Clinical Trials Directory

Trials / Completed

CompletedNCT00328952

Changes in Auditory Verbal Hallucination During Atypical Antipsychotic Treatment of Patients With Schizophrenia

Naturalistic Multicenter Study of Changes in Auditory Verbal Hallucination During Atypical Antipsychotic Treatment of Schizophrenia

Status
Completed
Phase
Study type
Observational
Enrollment
40 (actual)
Sponsor
Seoul National University Hospital · Academic / Other
Sex
All
Age
15 Years – 65 Years
Healthy volunteers
Accepted

Summary

The purpose of this study is to evaluate the changes in various aspects of auditory verbal hallucinations during 24-week antipsychotic treatment in naturalistic condition.

Detailed description

Auditory verbal hallucinations (AVH), meaning the experience of hearing voices, occur in 60-75% of patients with schizophrenia.

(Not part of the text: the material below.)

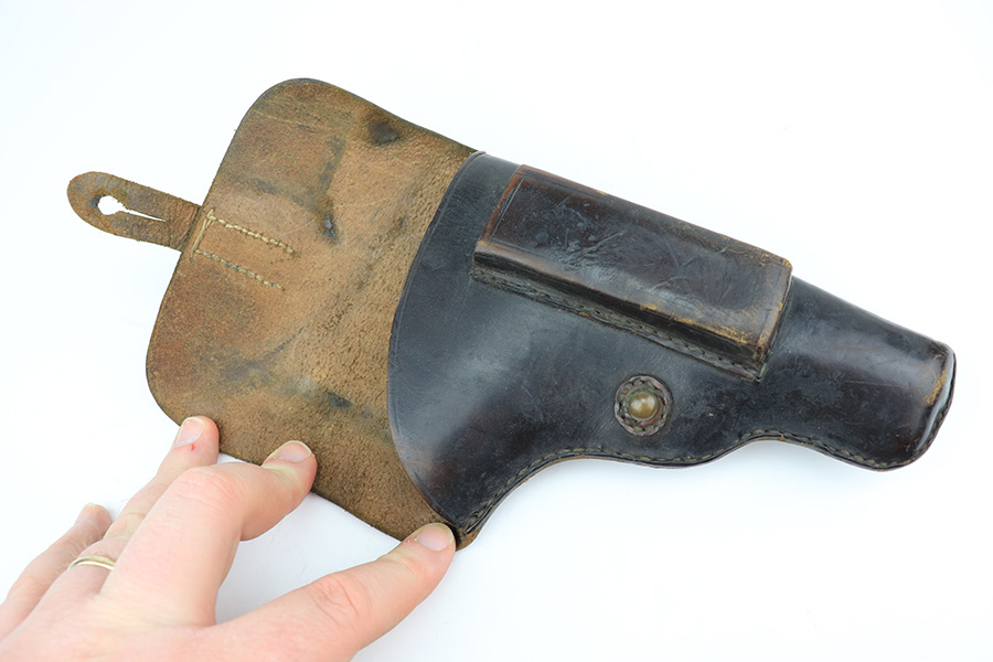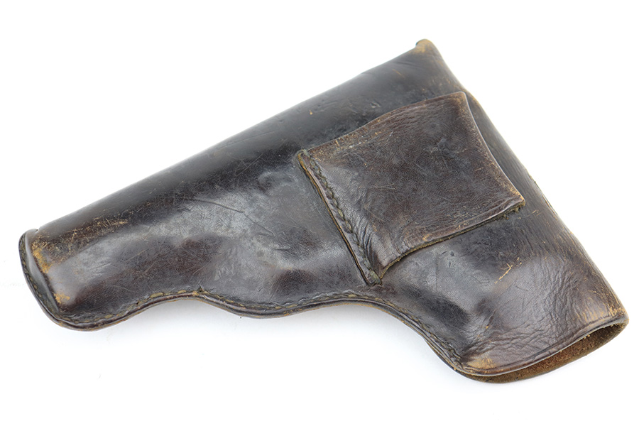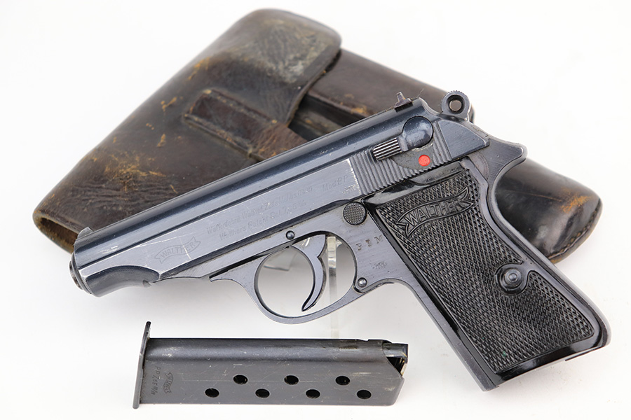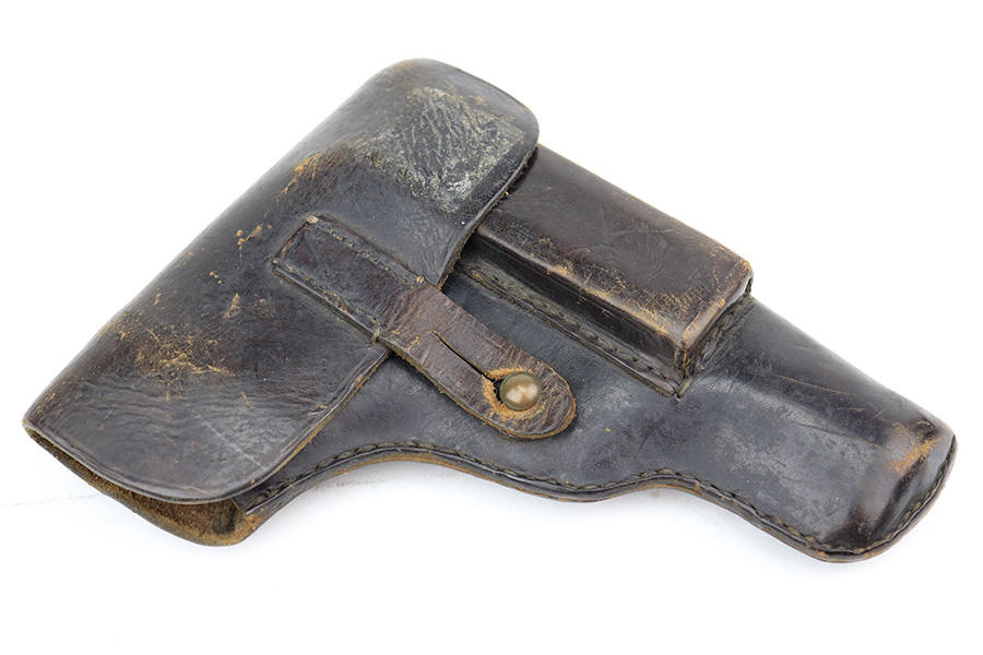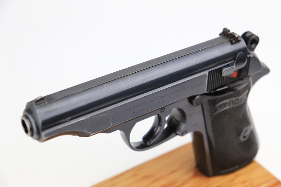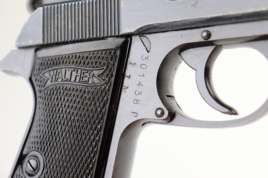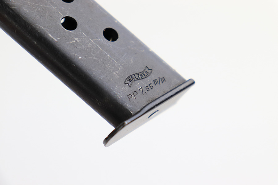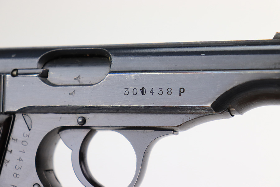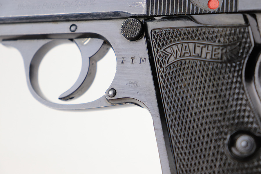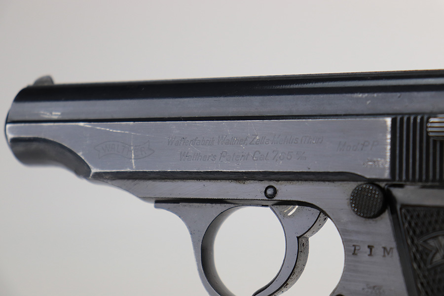 3/24/22 – This is an excellent example of a Walther PP issued to the Nazi military in 1943. The gun is all matching and has the proper “Waffen 359” Nazi military acceptance proofs on the slide and frame. The letters “P.I.M.” have been stamped into both sides of the frame, likely the initials of the person who owned this gun. There is a factory over-stamp of one of the numbers in the serial on the slide. The gun comes as a rig with a generic un-marked commercial holster and one proper wartime magazine. The gun has retained about 97-98% of its original finish. While there is very little actual finish loss, there are small scratches and handling marks along both sides of the slide. Most noticeable on the left side. Comes with excellent period-correct black bakelite grips. Stone-mint bore.

Patients experiencing persistent AVH tend to be interrupted in their daily routines and have trouble keeping regular jobs due to the intrusiveness or abusive contents of voices. In addition, auditory hallucinations are reported to remain even after disappearance of other psychotic symptoms in many patients with schizophrenia spectrum disorders after treatment with typical antipsychotics. The study involves detailed phenomenological assessments of AVH and other psychotic symptoms, as well as side effects of atypical antipsychotics.

Conditions

Timeline

Start date
2004-08-01
Primary completion
2008-08-01
Completion
2008-08-01
First posted
2006-05-24
Last updated
2009-09-16

Locations

1 site across 1 country: South Korea

Source: ClinicalTrials.gov record NCT00328952. Inclusion in this directory is not an endorsement.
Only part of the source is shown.